Woord vooraf
Aflevering 161 herfst 2008
Vrijdagmiddag 16 november 2007 vond in het stadhuis van Vlissingen de
21ste Historische Studiedag plaats. Het was een joint venturevoor de
organisatie tekenden de fuserende werkgroepen Historie Archeologie en
Kunstgeschiedenis van het Kon. Zeeuwsch Genootschap der
Wetenschappen en het Gemeentearchief Vlissingen. Laatstgenoemde
partner, en de 'aanstichter' van het thema, de in Vlissingen geboren dichter
Jacobs Bellamy (1757-1786), maakten het mogelijk en gewenst om de
Studiedag deze keer in Vlissingen te houden, en wel in de fraaie Govan
Mbekizaal van het Vlissingse stadhuis.
Het thema letteren werd ingegeven door de 250ste geboortedag van
Bellamy die in 2007 is gevierd, zij het in de zware slagschaduw van een
ander herdenkingsfeest en -jaar: dat van de in 1607 eveneens in de
Scheldestad geboren zeeheld Michiel de Ruyter.

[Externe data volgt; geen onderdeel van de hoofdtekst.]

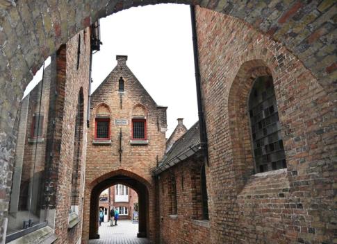 A képen látható boltíves átjáró az egykori középkori kórházkomplexum része, amely ma múzeumként (Sint-Janshospitaal Museum) működik, közvetlenül a De Halve Maan sörfőzde és a Minnewater-csatorna közelében. A kórház a 12. században épült, és Európa egyik legősibb fennmaradt kórháza. A belső terekben ma Hieronymus Bosch és Hans Memling híres oltárképei láthatók, amelyek eredetileg is az itteni kápolna díszei voltak. A fotón jól látszanak a jellegzetes vörös ablakkeretek és gótikus boltívek, amelyek Brugge történelmi építészetének tipikus elemei. - Elter Karcsi fotója
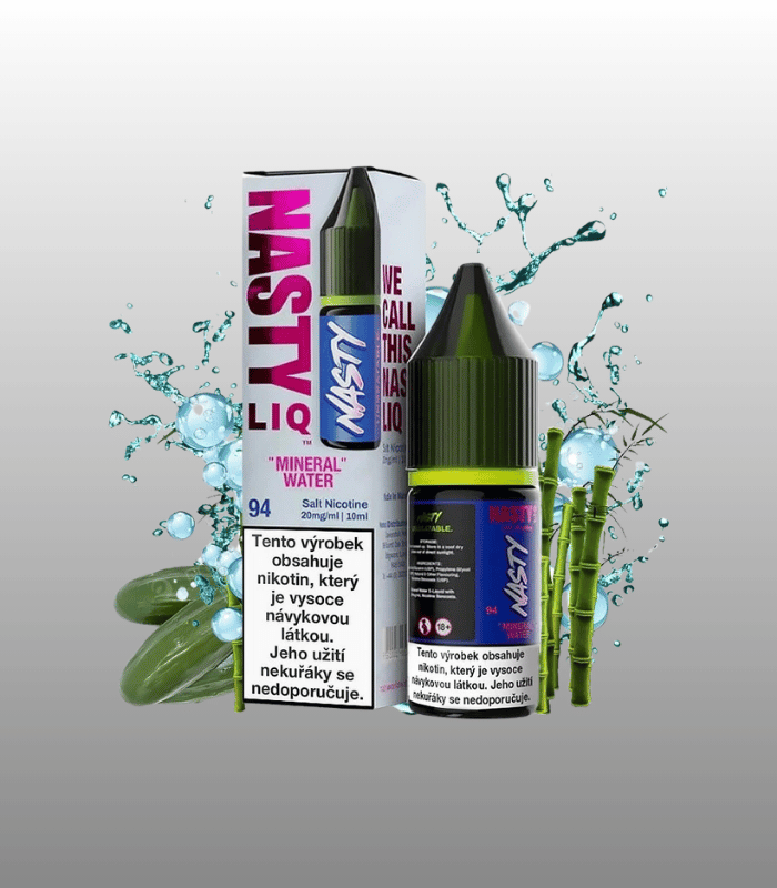 Nasty LIQ Salt Mineral Water přináší jemnou chuť inspirovanou pramenitou vodou. Obsahuje 20 mg nikotinové soli a poměr 50VG/50PG, který zajišťuje hladký potah a lehký, osvěžující vaping bez sladkosti a mentolu.
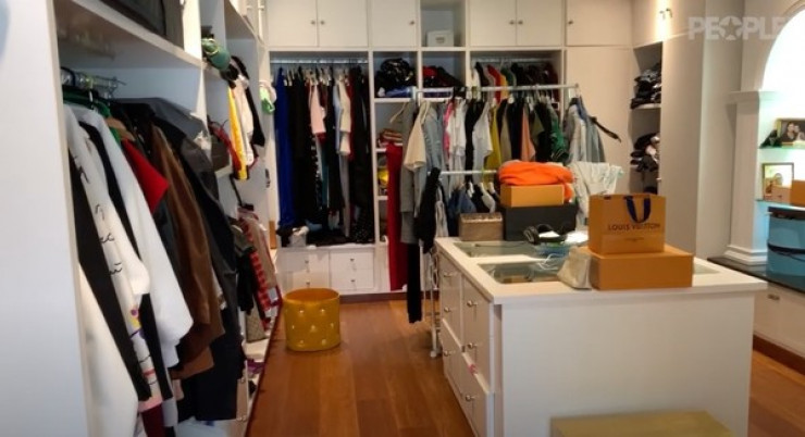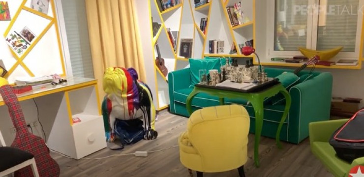 Пара показала несколько комнат в квартире - гардеробную, где на вешалках красуются дорогие наряды, кухню, а также кабинет, в котором юморист придумывает шутки.
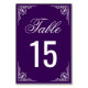 Cartões de número de mesa elegantes com uma borda ornamentada branca contra um fundo roxo escuro.
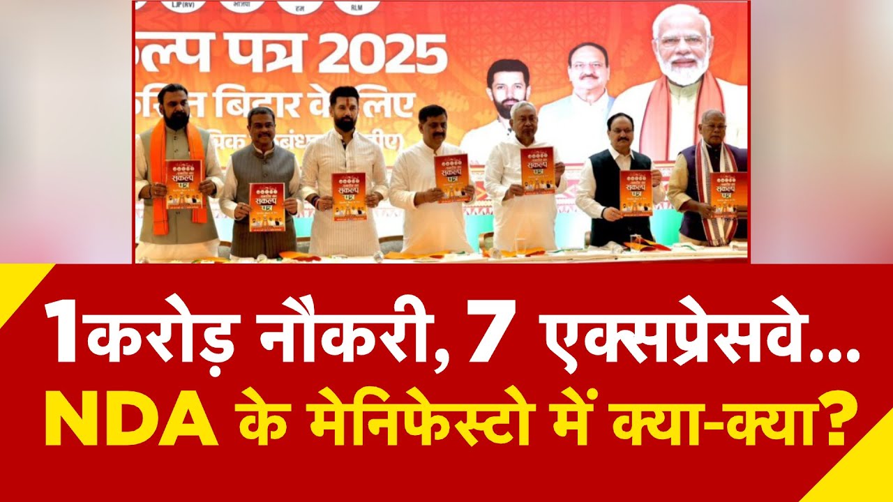 The dates for the first phase of Bihar elections are nearing, and the NDA has released its manifesto. The NDA manifesto promises 5 million pucca houses, free rations for the poor, and one crore government jobs and employment opportunities for the youth of Bihar.आजतक के साथ देखिये देश-विदेश की सभी महत्वपूर्ण और बड़ी खबरें | Watch the latest Hindi

Bellamy's korte leven stond vooral in het teken van literatuur, poëzie en
het schrijven. De organisatoren vreesden dat Bellamy's 250ste geboortejaar
bijna vergeten zou worden en wilden hem eren d.m.v. deze studiedag.
Het programma van de 21ste Historische Studiedag omvatte niet alleen aan
Bellamy gewijde onderdelen (een lezing van Aarnout de Bruyne en een
voordracht door Dorine Zelders), maar ook lezingen over Jacob Cats (door
Jürgen Pieters, Universiteit Gent) en de literatuur van de negentiende eeuw
(door Marita Mathijsen, Universiteit van Amsterdam). Het Gemeentearchief
Vlissingen stelde tijdens de middag eenmalig uit zijn depots de
zogenaamde 'Bellamiana' ten toon, bijzondere stukken die in directe relatie
tot Bellamy staan.
De door het publiek algemeen als boeiend ervaren studie(mid)dag en dit
themanummer van Nehalennia vormen een tweeluik. Op deze wijze kon het
thema van de Studiedag nog worden uitgediept en aangevuld met andere
onderwerpen betreffende de oudere Zeeuwse letteren.
Het verbindingsscharnier van beide elementen is de bijdrage van Aarnout
de Bruyne: 'Jacobus Bellamy in de korte en krachtige ontwikkeling van zijn
dichterschap', met verve gebracht in het stadhuis van Vlissingen, de
woonplaats van de spreker, en nu ook beschikbaar als artikel in
Nehalennia. Bij wijze van afsluiting van het thema vindt u nog een ander
artikel over Bellamy in dit nummer, eveneens door een auteur uit de
gemeente Vlissingen, Marcel van den Driest. Daartussen een met het
Bellamythema verbonden verhaal van Nehalennia-redacteur Pau Heerschap
over Betje Wolff en Aagje Deken. De twee overige bijdragen brengen Gerrit
Achterberg, Piet Meertens en Catharina van de Graft voor het voetlicht, en
tegelijk daarmee een andere periode, andere Zeeuwse regio's en een andere
invalshoek, namelijk die van de literatuur in relatie tot de volkscultuur.